Correct use of Realloc

Question

This is the way I've been taught to use realloc():

int *a = malloc(10);
a = realloc(a, 100); // Why do we do "a = .... ?"
if(a == NULL) 
//Deal with problem.....

Isn't that redundant? Can't i just do something like this? :

if(realloc(a, 100) == NULL) //Deal with the problem

Same for other realloc examples i've found around, for example:

int *oldPtr = malloc(10);
int * newPtr = realloc(oldPtr, 100);
if(newPtr == NULL) //deal with problems
else oldPtr = newPtr;

Can't i just do this instead? :

int *oldPtr = malloc(10);
if(realloc(oldPtr, 100) == NULL)  //deal with problems
//else not necessary, oldPtr has already been reallocated and has now 100 elements

Answer 1

realloc returns a pointer to the resized buffer; this pointer value may be different from the original pointer value, so you need to save that return value somewhere.

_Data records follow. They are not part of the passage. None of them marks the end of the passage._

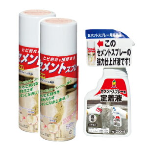 商品名 セメントスプレー 2本セット 定着液1本付き 商品特徴 自宅の外壁やカーポート、その他コンクリート部分のクラック(ヒビ割れ)を自分で補修できるスプレーです。 経年劣化や強い衝撃を受けてヒビ割れてしまったコンクリートの補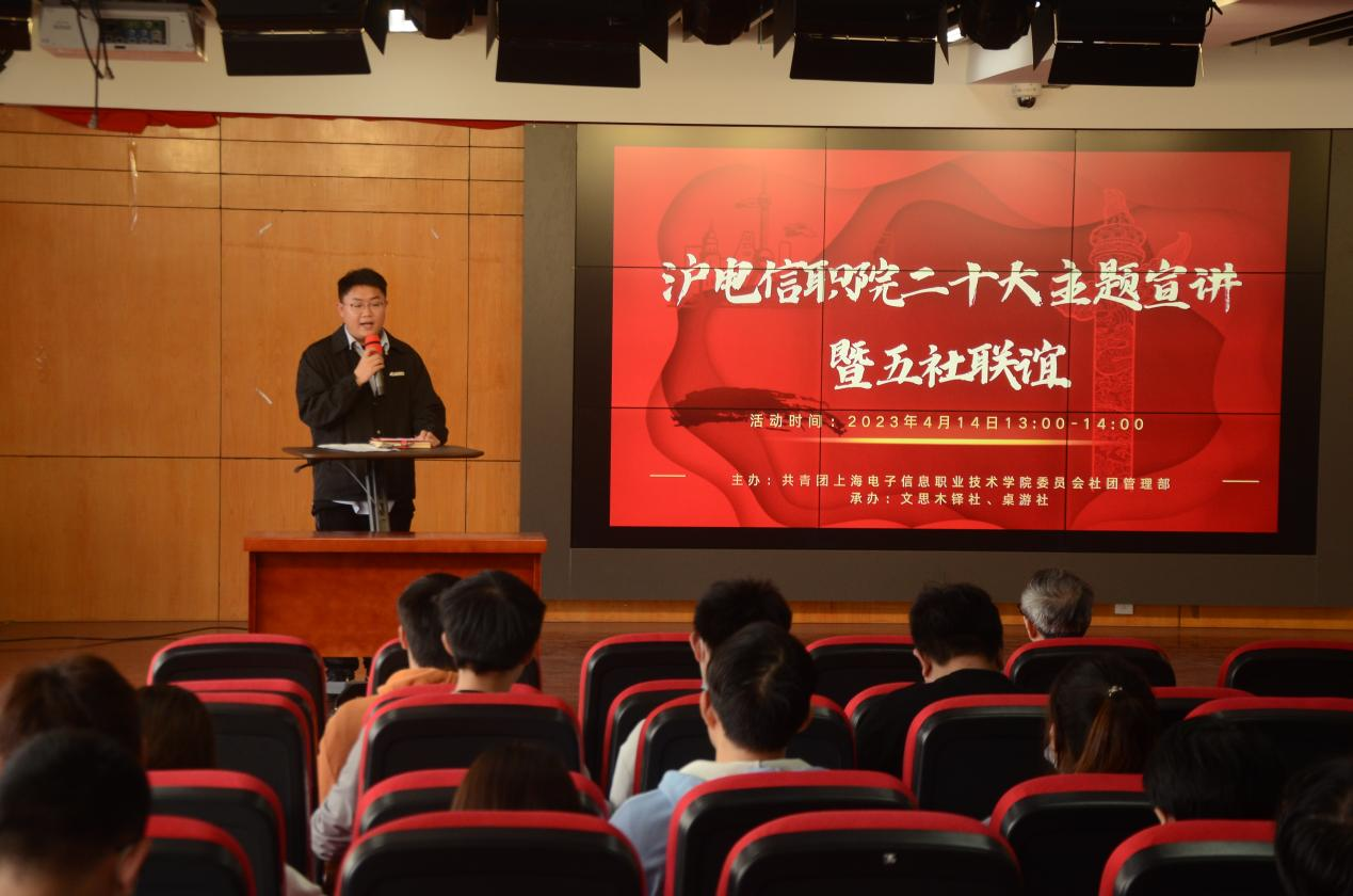 “珍惜韶华,奋发有为”,为深入学习宣传贯彻党的二十大精神,加强学生社团思想政治教育,4月14日,上海电子信息职业技术学院文思木铎社、桌游社邀请日新思辨社、翰轩棋社、静态模型社成员及我校38个学生社团骨干近200人在I401共同举行学习贯彻党的二十大精神主题宣讲暨社团联谊活动。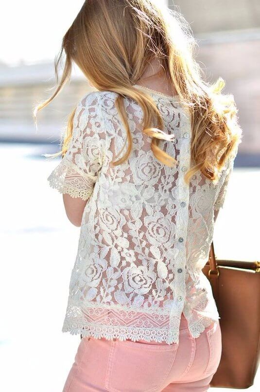 Белая блуза из кружева – основа женственного образа. Короткие рукава – еще и практично в летний зной. Лучший вариант для свидания и прогулки!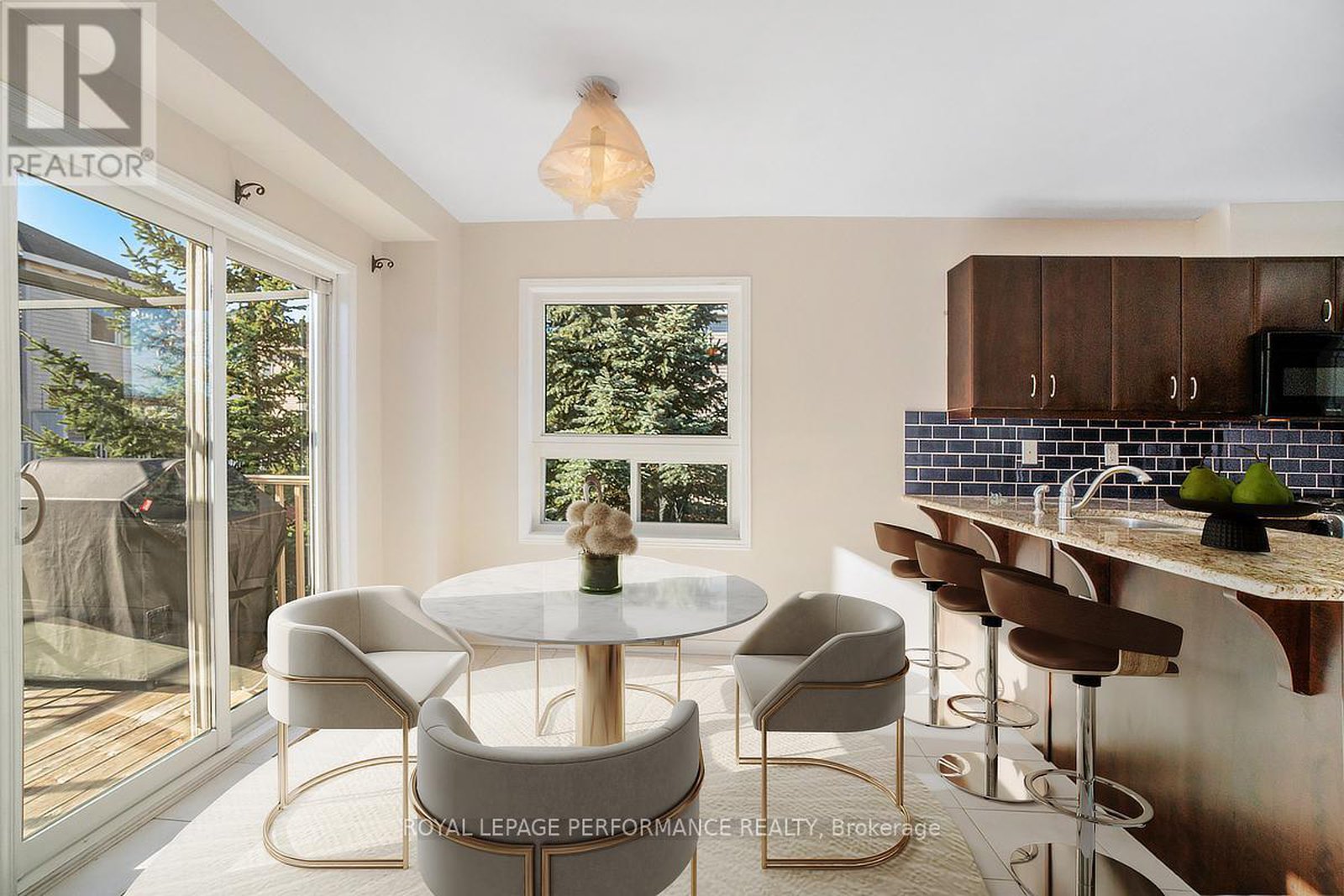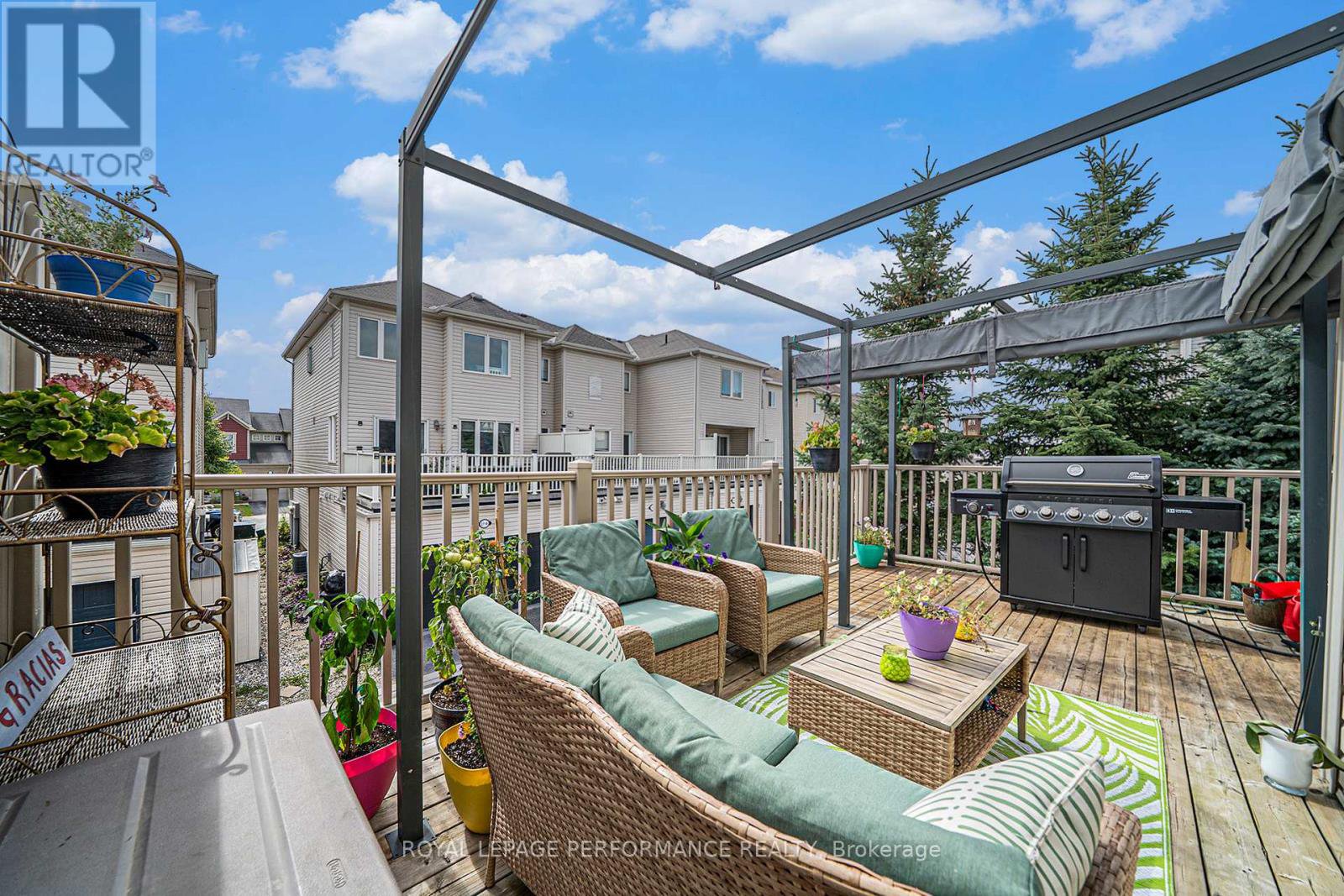 Welcome to this lovingly maintained 3-storey END-UNIT townhome, Facing the PARK and proudly owned by the same family since new! With 3 bedrooms, 3 bathrooms, and a RARE DOUBLE GARAGE, this home offers the perfect blend of comfort, convenience, and a low-maintenance lifestyle all while FACING a family-friendly PARK! Every room is spacious and airy with just over 2000 sq ft! The entry level is both practical and versatile, featuring a flex space ideal as a family room, home office, or 4th bedroom. A laundry room with extra storage and inside access to the double garage complete this floor. The heart of the home awaits on the sun-filled second level, where you will find a bright, spacious kitchen enhanced with granite counters and large pantry, along with a generous dining area, and a large living room all with hardwood and ceramic flooring. This space seamlessly extends to the expansive outdoor terrace, (featuring a natural gas line/retractable sunshade) perfect for summer barbecues , morning coffee, or evenings spent with friends. Upstairs, the primary suite offers a relaxing retreat with its own ensuite bath and walk-in closet, while two additional bedrooms provide plenty of space for family, guests, or hobbies. With maintenance-free outdoor living, you can enjoy all the benefits of homeownership without the upkeep. The double garage provides secure parking and extra storage, while the desirable neighborhood offers, green space, walking paths, schools, shops, ice rink in the park and community amenities all just steps away. Whether you are relaxing on your front porch overlooking the park or entertaining on the terrace, this home is designed to make every day feel effortless. New Furnace 2025 | Freshly painted 2025. Whether you are a first time buyer, investor or family seeking more space this one should not be missed!
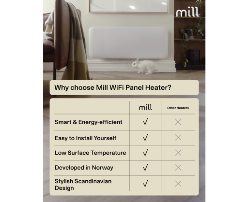 - Mill Invisible Smart WiFi Heater | PA2000WIFI4 | Panel Heater | 2000 W | Suitable for r...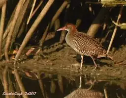 白眉田鸡是鹤形目秧鸡科的鸟类,小型涉禽,体长约20厘米。是一种灰褐色秧鸡。嘴短,头部斑纹明显,…

realloc may return NULL if the request cannot be satsified (in which case the original buffer is left in place). For that reason, you want to save the return value to a different pointer variable than the original. Otherwise, you risk overwriting your original pointer with NULL and losing your only reference to that buffer.

Example:

size_t buf_size = 0; // keep track of our buffer size

// ...

int *a = malloc(sizeof *a * some_size); // initial allocation
if (a)
    buf_size = some_size;

// ...

int *tmp = realloc(a, sizeof *a * new_size); // reallocation
if (tmp) {
    a = tmp;             // save new pointer value
    buf_size = new_size; // and new buffer size
}
else {
    // realloc failure, handle as appropriate
}

Answer 2

the correct way to call realloc is to save the return value in a temporary variable and check it for NULL. That way if realloc has failed, you haven't lost your original memory. For example:

int *a, *b;
a = malloc(10); 
b = realloc(a, 100);
if (b == NULL) {
    // handle error and exit
}
a = b;

EDIT: Note that if the error handling doesn't exit, you should put the last line above, i.e. a = b; inside an else clause.

Answer 3

realloc on failure keeps the original pointer and size. realloc on success may not (and often does not) return the exact same pointer as the input.

So the proper solution is your third example.

int *oldPtr = malloc(10);
int * newPtr = realloc(oldPtr, 100);
if(newPtr == NULL) //deal with problems
else oldPtr = newPtr;

Answer 4

This code snippet is wrong.

int *a = malloc(10);
a = realloc(a, 100); // Why do we do "a = .... ?"
if(a == NULL) 
//Deal with problem.....

If the call of realloc returns NULL then the previous value of the pointer a is lost. So there can be a memory leak because it will be impossible to free the memory allocated by the call of malloc.

If just to write

if(realloc(a, 100) == NULL) //Deal with the problem

then in turn the returned pointer of the call of the realloc can be lost.

This code snippet

int *oldPtr = malloc(10);
int * newPtr = realloc(oldPtr, 100);
if(newPtr == NULL) //deal with problems
else oldPtr = newPtr;

is correct. However if to write

int *oldPtr = malloc(10);
if(realloc(oldPtr, 100) == NULL)  //deal with problems
//else not necessary, oldPtr has already been reallocated and has now 100 elements

then again the returned pointer of the call of realloc can be lost.

From the description of realloc in the C Standard (7.22.3.5 The realloc function)

4 The realloc function returns a pointer to the new object (which may have (or may not have - added by me) the same value as a pointer to the old object, or a null pointer if the new object could not be allocated.